• [Records for processing]

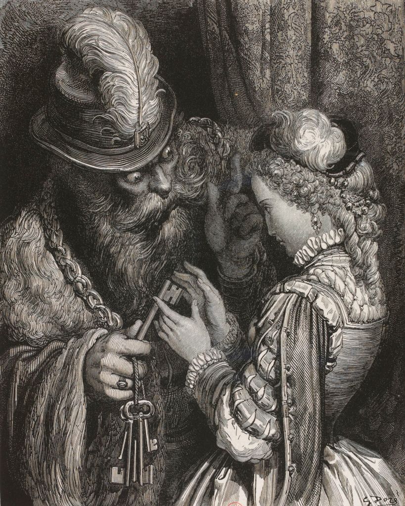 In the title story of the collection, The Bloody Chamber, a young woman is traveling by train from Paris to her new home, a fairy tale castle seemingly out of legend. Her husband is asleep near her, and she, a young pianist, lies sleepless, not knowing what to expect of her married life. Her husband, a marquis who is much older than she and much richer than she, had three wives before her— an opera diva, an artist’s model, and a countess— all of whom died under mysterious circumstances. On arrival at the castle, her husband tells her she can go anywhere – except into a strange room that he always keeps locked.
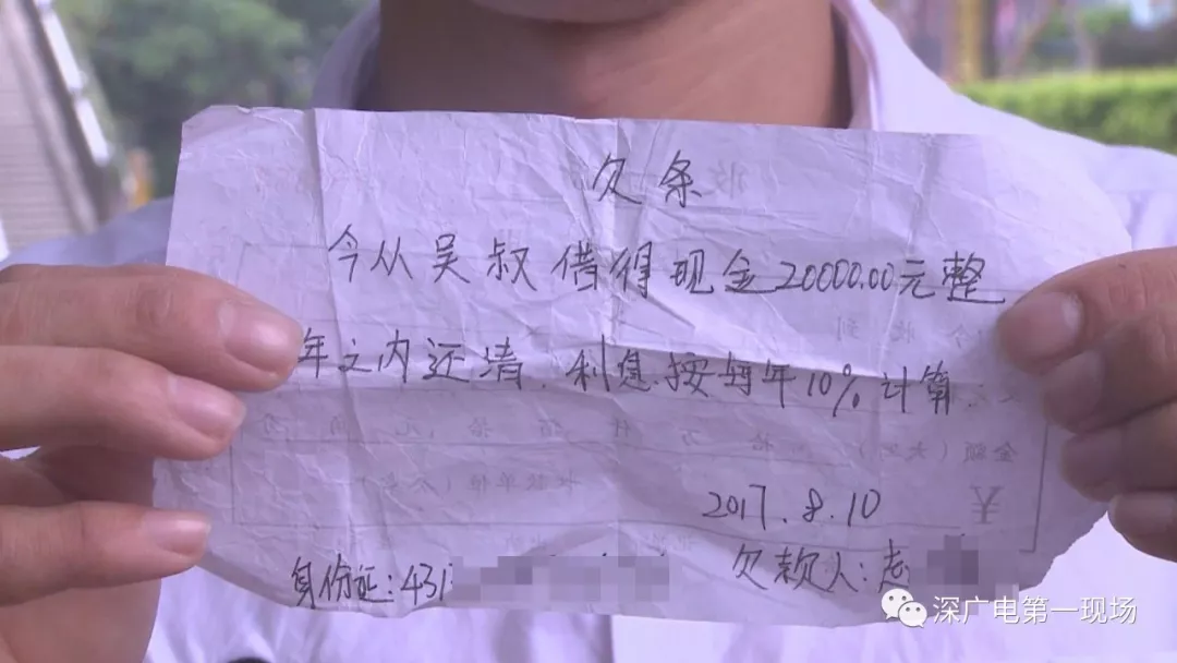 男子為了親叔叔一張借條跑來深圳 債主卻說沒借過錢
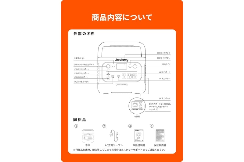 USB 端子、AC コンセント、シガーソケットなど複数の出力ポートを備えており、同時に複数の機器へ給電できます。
* * *
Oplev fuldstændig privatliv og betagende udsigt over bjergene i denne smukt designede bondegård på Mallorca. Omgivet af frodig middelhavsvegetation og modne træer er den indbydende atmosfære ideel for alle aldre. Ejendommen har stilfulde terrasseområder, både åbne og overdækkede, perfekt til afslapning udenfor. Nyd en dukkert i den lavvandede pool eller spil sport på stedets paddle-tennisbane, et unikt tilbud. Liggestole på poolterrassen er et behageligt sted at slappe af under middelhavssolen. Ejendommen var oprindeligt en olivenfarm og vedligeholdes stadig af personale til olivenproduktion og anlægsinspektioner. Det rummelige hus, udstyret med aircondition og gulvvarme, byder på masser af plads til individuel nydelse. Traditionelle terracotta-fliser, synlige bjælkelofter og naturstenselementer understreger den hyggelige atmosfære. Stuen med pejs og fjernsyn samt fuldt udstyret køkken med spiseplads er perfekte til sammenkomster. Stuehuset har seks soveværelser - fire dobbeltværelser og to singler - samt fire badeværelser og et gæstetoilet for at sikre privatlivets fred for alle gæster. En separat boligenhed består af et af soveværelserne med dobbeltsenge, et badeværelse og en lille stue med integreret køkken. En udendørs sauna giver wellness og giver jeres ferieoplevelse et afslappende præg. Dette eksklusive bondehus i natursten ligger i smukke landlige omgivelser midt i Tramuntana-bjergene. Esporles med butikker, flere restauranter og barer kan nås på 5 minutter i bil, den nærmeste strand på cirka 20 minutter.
---
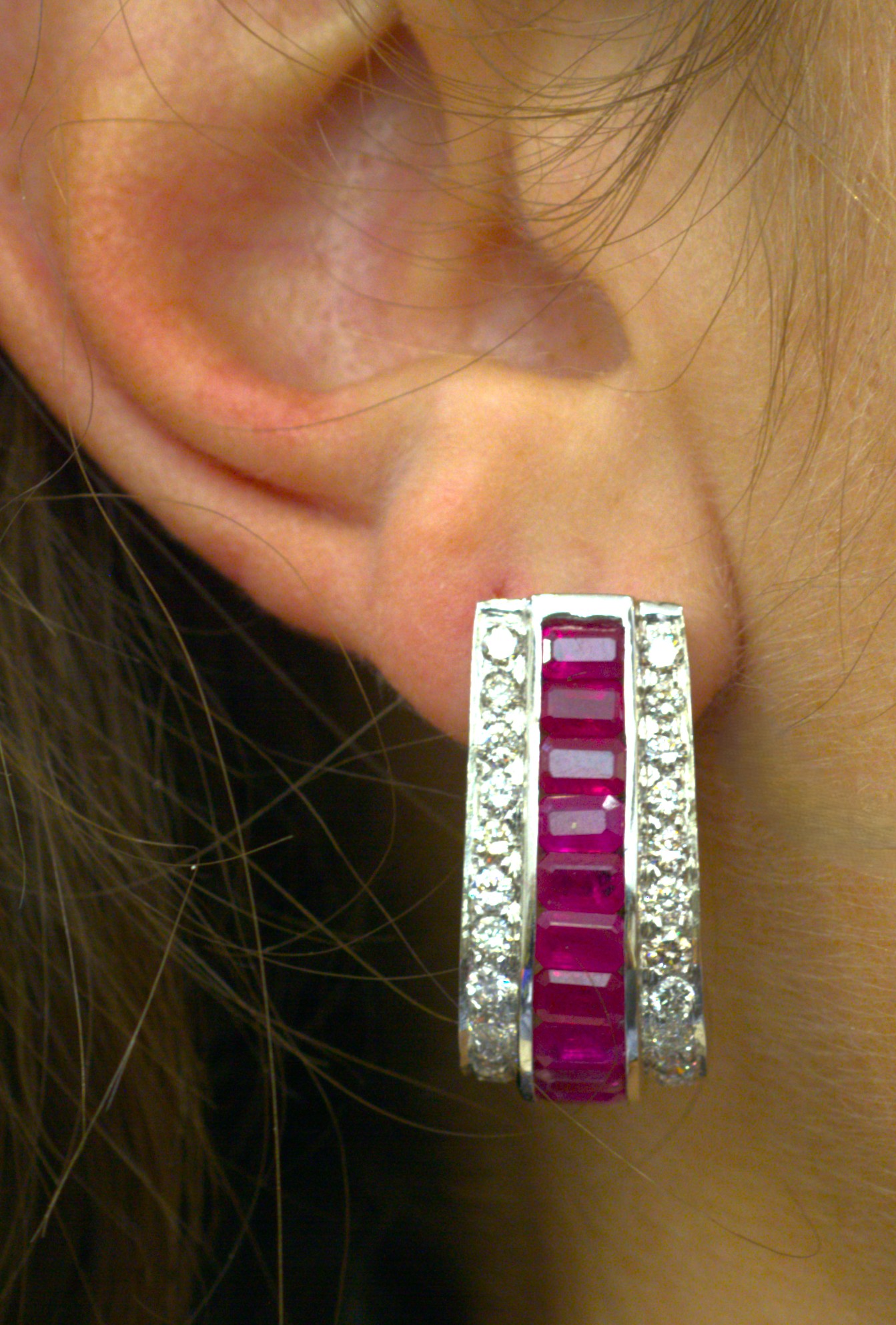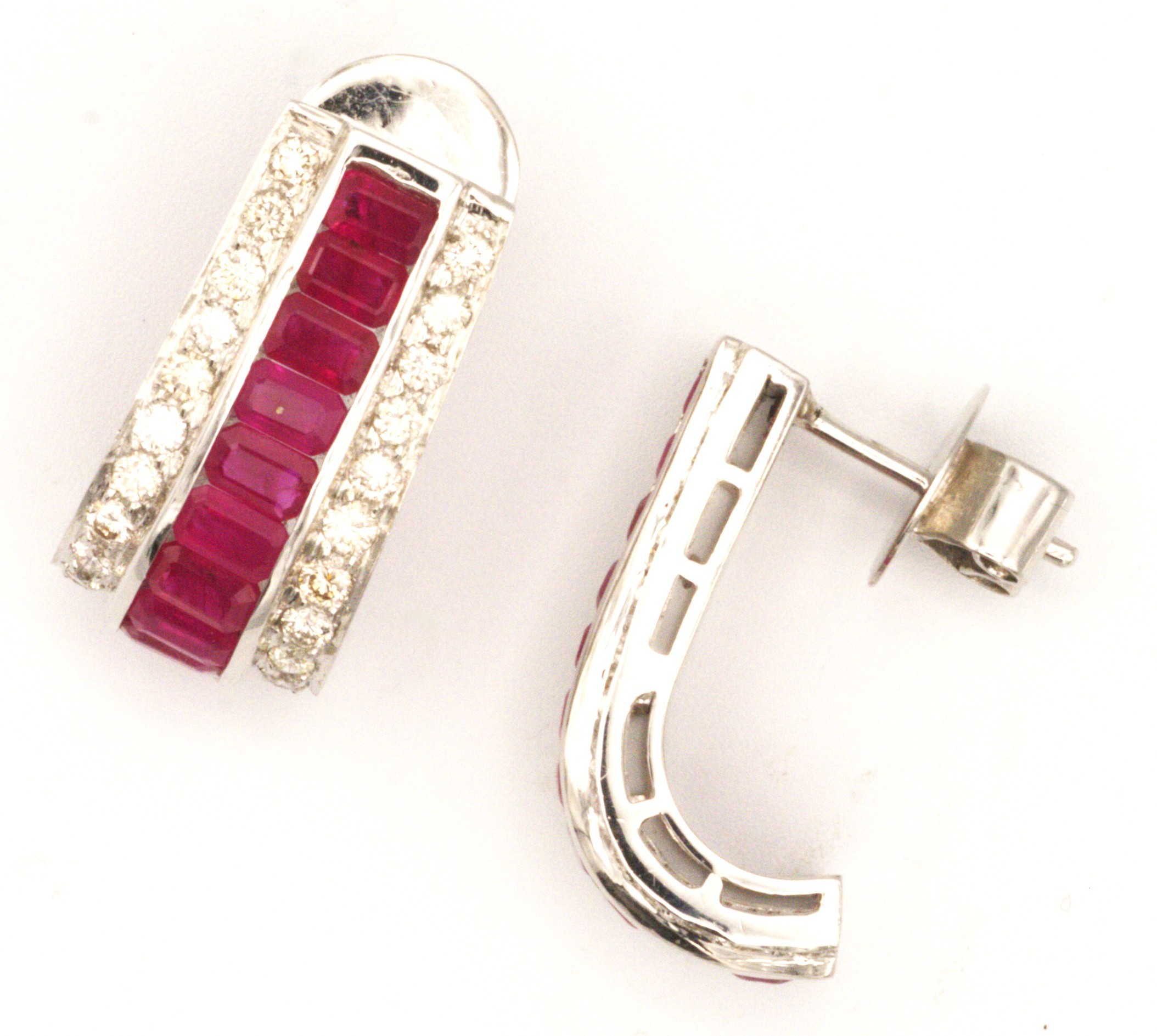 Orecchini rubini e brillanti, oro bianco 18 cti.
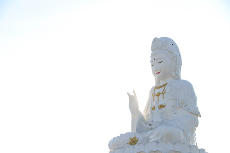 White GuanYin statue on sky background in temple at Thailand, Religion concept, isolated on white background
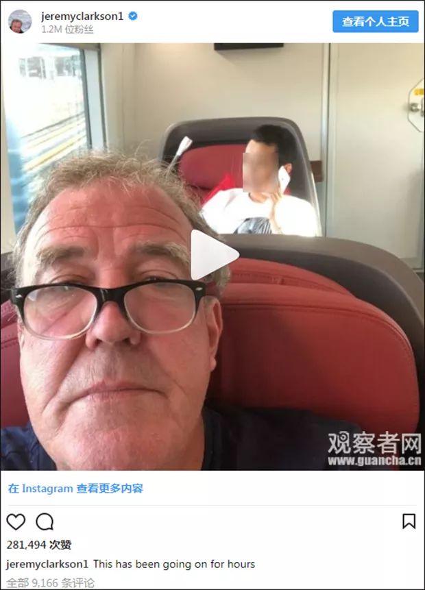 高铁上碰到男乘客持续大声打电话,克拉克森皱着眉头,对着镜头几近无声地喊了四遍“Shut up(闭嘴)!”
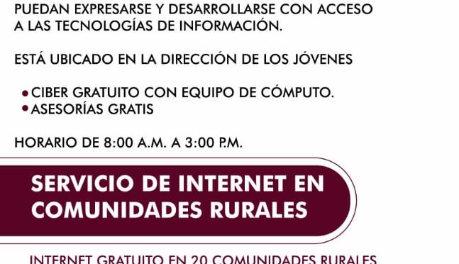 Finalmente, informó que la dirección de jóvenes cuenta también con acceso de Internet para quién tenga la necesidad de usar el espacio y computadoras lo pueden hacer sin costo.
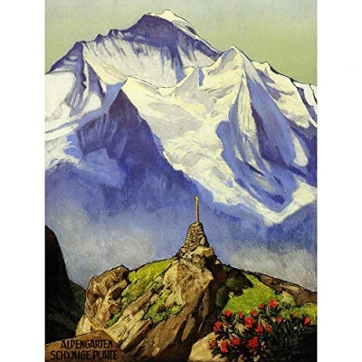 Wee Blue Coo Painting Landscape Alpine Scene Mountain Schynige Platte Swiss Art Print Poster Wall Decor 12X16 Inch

• [Required work]
In the data above, find the line with "高铁上碰到男乘客持续大声打电" and the line with "Wee Blue Coo". Please copy exactly those two lines and every line between them, but not the pictures.

• [Output]
 高铁上碰到男乘客持续大声打电话,克拉克森皱着眉头,对着镜头几近无声地喊了四遍“Shut up(闭嘴)!”
 Finalmente, informó que la dirección de jóvenes cuenta también con acceso de Internet para quién tenga la necesidad de usar el espacio y computadoras lo pueden hacer sin costo.
 Wee Blue Coo Painting Landscape Alpine Scene Mountain Schynige Platte Swiss Art Print Poster Wall Decor 12X16 Inch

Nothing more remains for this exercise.